But in all of my clients and students the real purpose is to find how I can support them to be wonderful. Successful. Happy. To make it through hard times, with more than they started with.

I support the cranial vitality when I do Cranialsacral Therapy. I support the brilliant ability of the body to heal when I do other bodywork. I support people being insightful and wise and powerful when we talk about their lives and their struggles. It is all just about being supportive. Finding those small and large ways each person can use support. Making sure they have other people and parts of their lives which are supportive, encouraging them to build more support and move away from the people and things that are not.

It is all pretty simple.

I could use more support in my day to day life. There are tasks and projects and dreams that are behind or delayed. I need help keeping up with day to day tasks, and so many things that need doing. I can be more aware of ways to support my friends and clients and community in those small and large ways, I can do so much more.
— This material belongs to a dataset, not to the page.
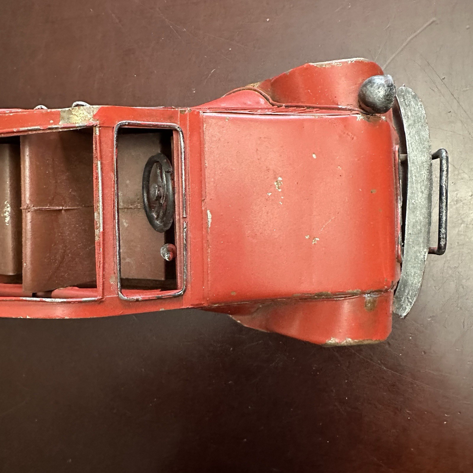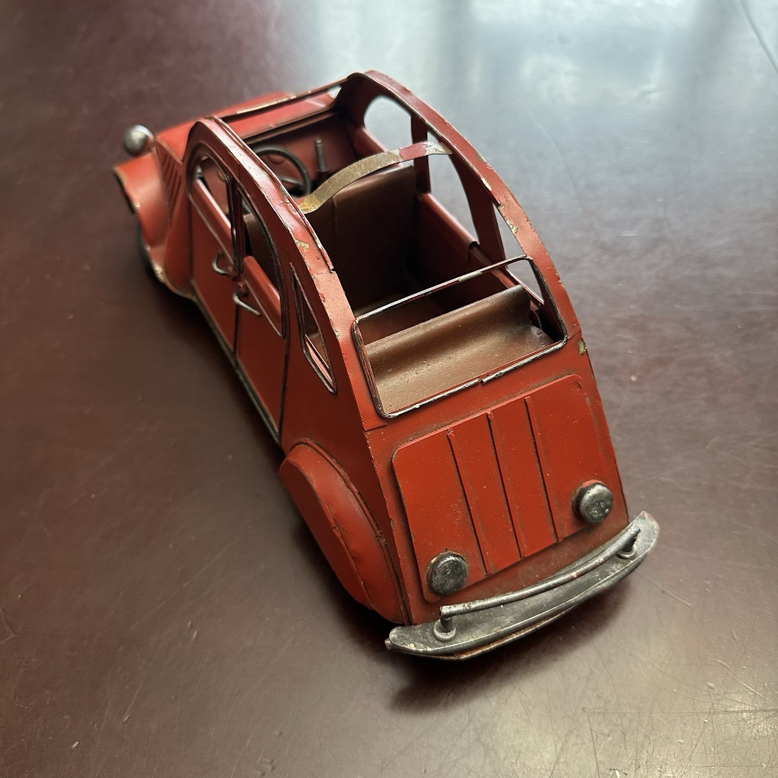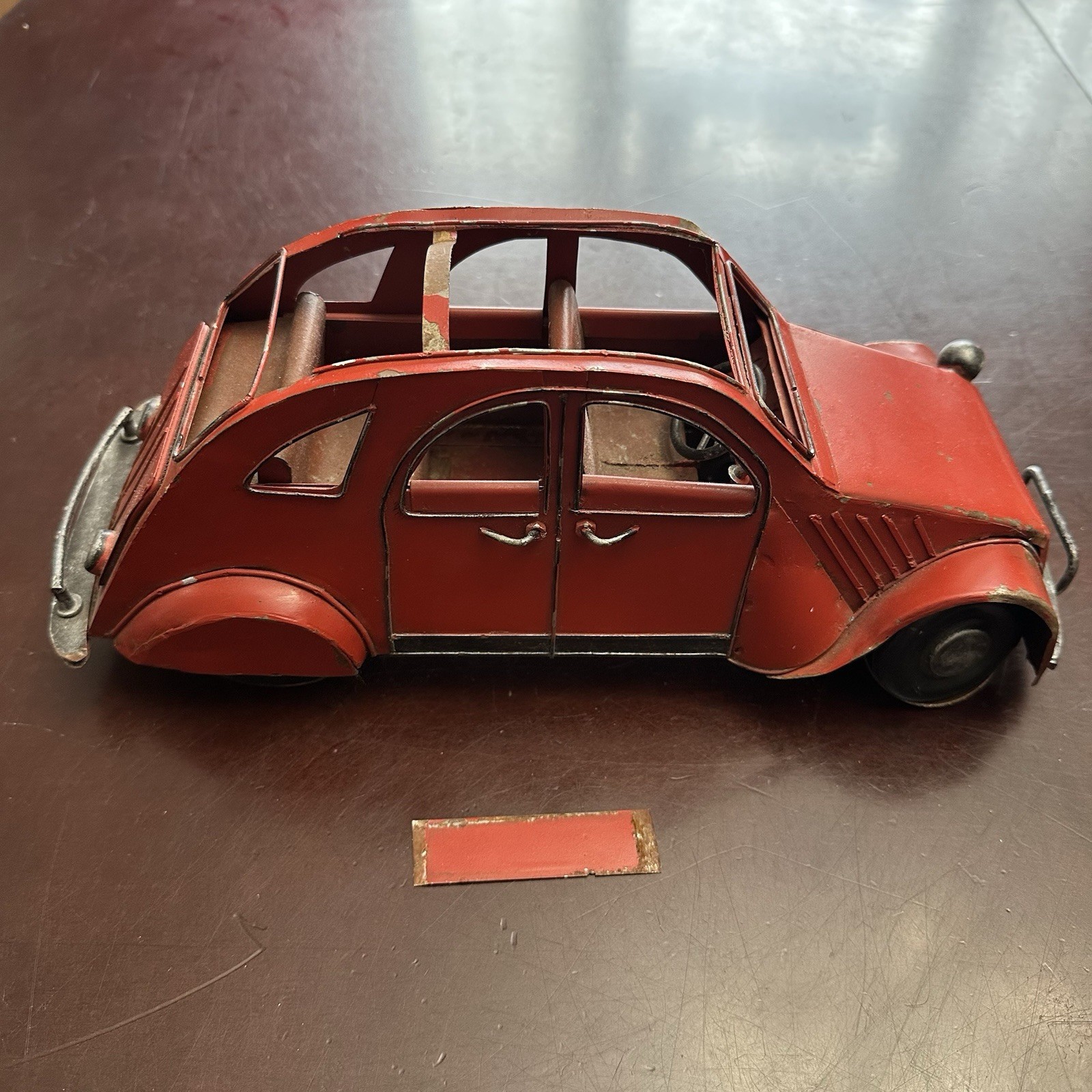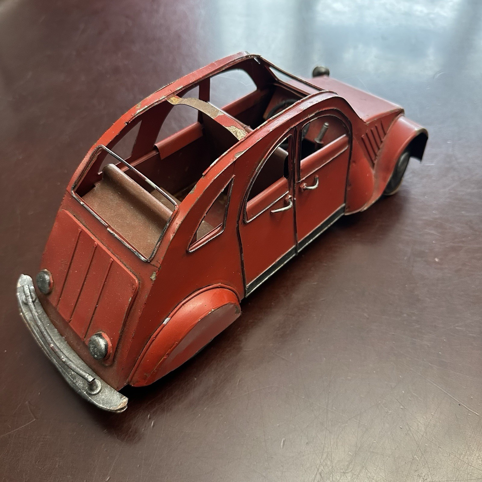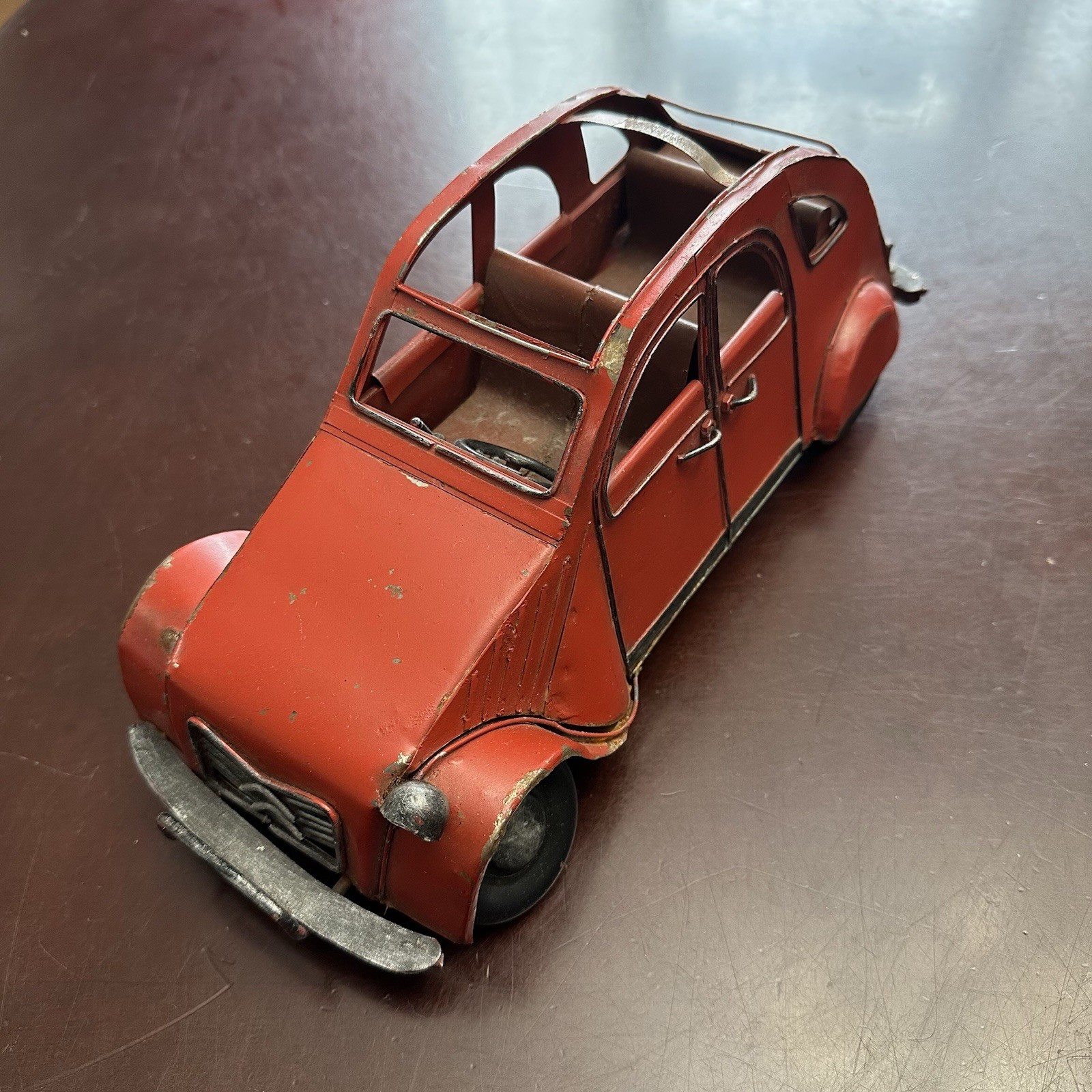 Rare Antique CITROEN 2CV Red Big Size Tin Car Toy 1950's French - Bent Wheels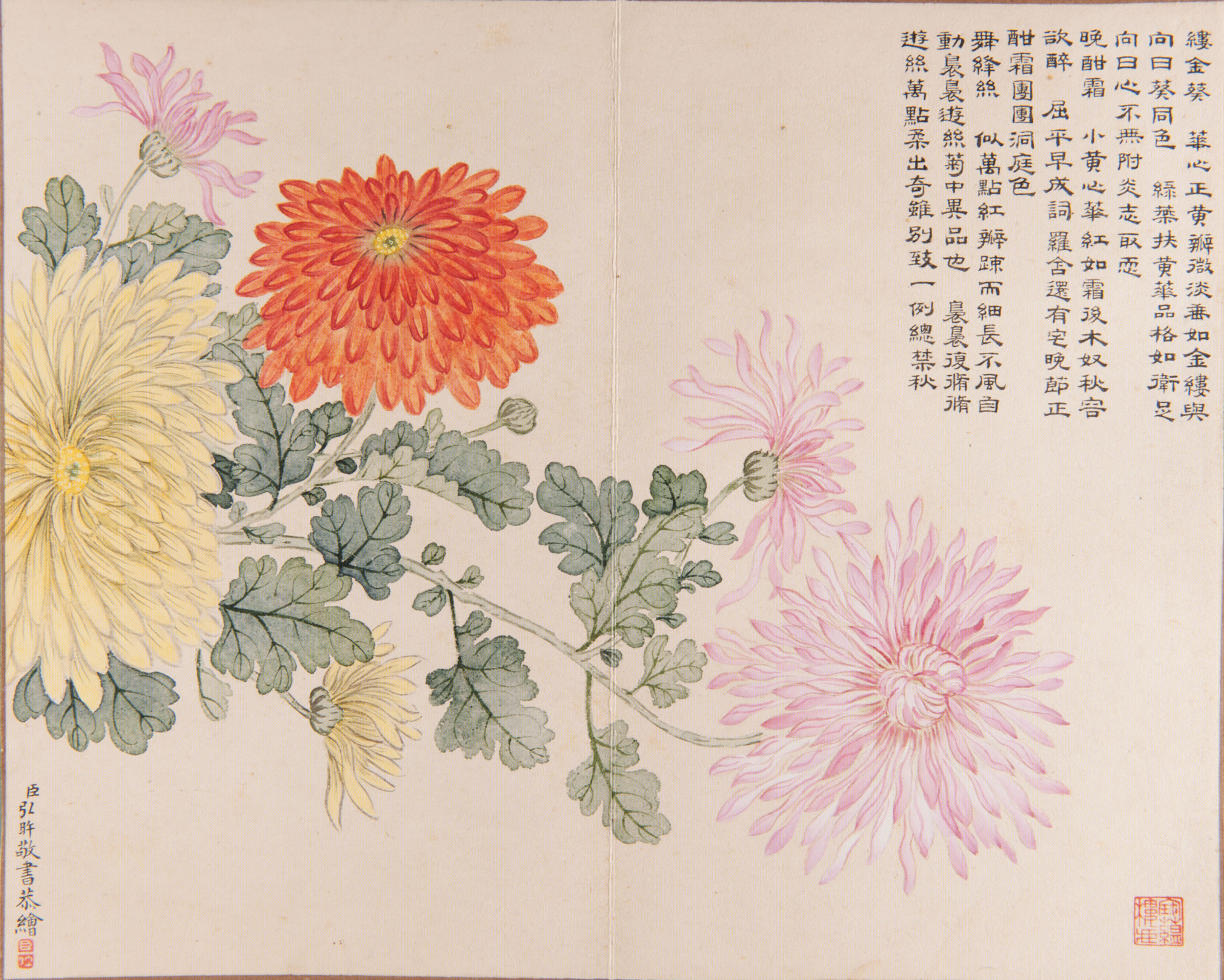 A painting of yellow, orange and pink Chrysanthemums from the Palace Museum in the Forbidden City Beijing.

When I write about it, I become more aware. As I’m more aware I can be even more active and —- supportive.

What the Heck eHarmony?

Monday, February 8th, 2016

Somewhere around 10 years ago I joined eHarmony for the first time. With their matching metrics, I didn’t do well as I was overweight. I had a couple of conversations with men, but even more who had in their profile that they were intolerant of anyone overweight. I quit after a few months, matches had dwindled to a few a week. In the three month period I recall just one phone date.
More recently, I talked to a number of people who had met and been happy with the service. So I tried it for a month, costing almost $50.

What the Heck eHarmony?

In that month I was “matched” with almost 650 men. The four or five that seemed interesting never responded to my first steps to connect. Nearly all of the matches were with men with less than college. Ah, I didn’t complete college myself. Although I teach at the University level and pursued an alternative education that I’m very proud of, not a college graduate. So I apparently was matched with mostly no college graduates.

Most of the matches (I’m thinking 75% at least) were somewhat or very conservative. Not a match.

About half the matches were “a good match outside of my settings”. Not one of those seemed like a good match.

eHarmony used to be known for their very careful, scientifically based formulas for success. 650 men in four weeks isn’t showing a lot of discrimination or filtering.

I responded to two men who contacted me, both seemed wildly inappropriate. The first “moved on” after getting my email. The second one said nothing, but eHarmony contacted me a few minutes later saying the account was likely hacked, I should stop contact with him, and to be safe. Well that was uncomfortable.

One man followed through after contacting me, and we are looking for a time for dinner. He was able to find me online based on the information I provided. So he bypassed the eHarmony structure in the end. Not as creepy as it sounds.

Today I’ve canceled my account, pulled photo and all the other written information from my profile, and stopped notifications. I do hope that is enough to get out of this wacky system.

I feel I’ve wasted a bit of money and a lot fo time for a service that is not what it seems.

Being political – learning to listen

Saturday, February 6th, 2016

I invited an anti-abortion “rescue” activist to speak to a class I taught at Community High School. This was many years ago but it was a teaching experience I’ve never forgotten.

The small group of students in my “Political Organizing” class agreed it would be a unique chance to really listen to someone who had a viewpoint they strongly disagreed with. We agreed that the point would not be to debate or try to change anyone’s mind. It was a class comprised of liberal, pro-choice kids, and they truly wanted to understand how anyone could hold a position they found to be simply – but for many of us profoundly – wrong.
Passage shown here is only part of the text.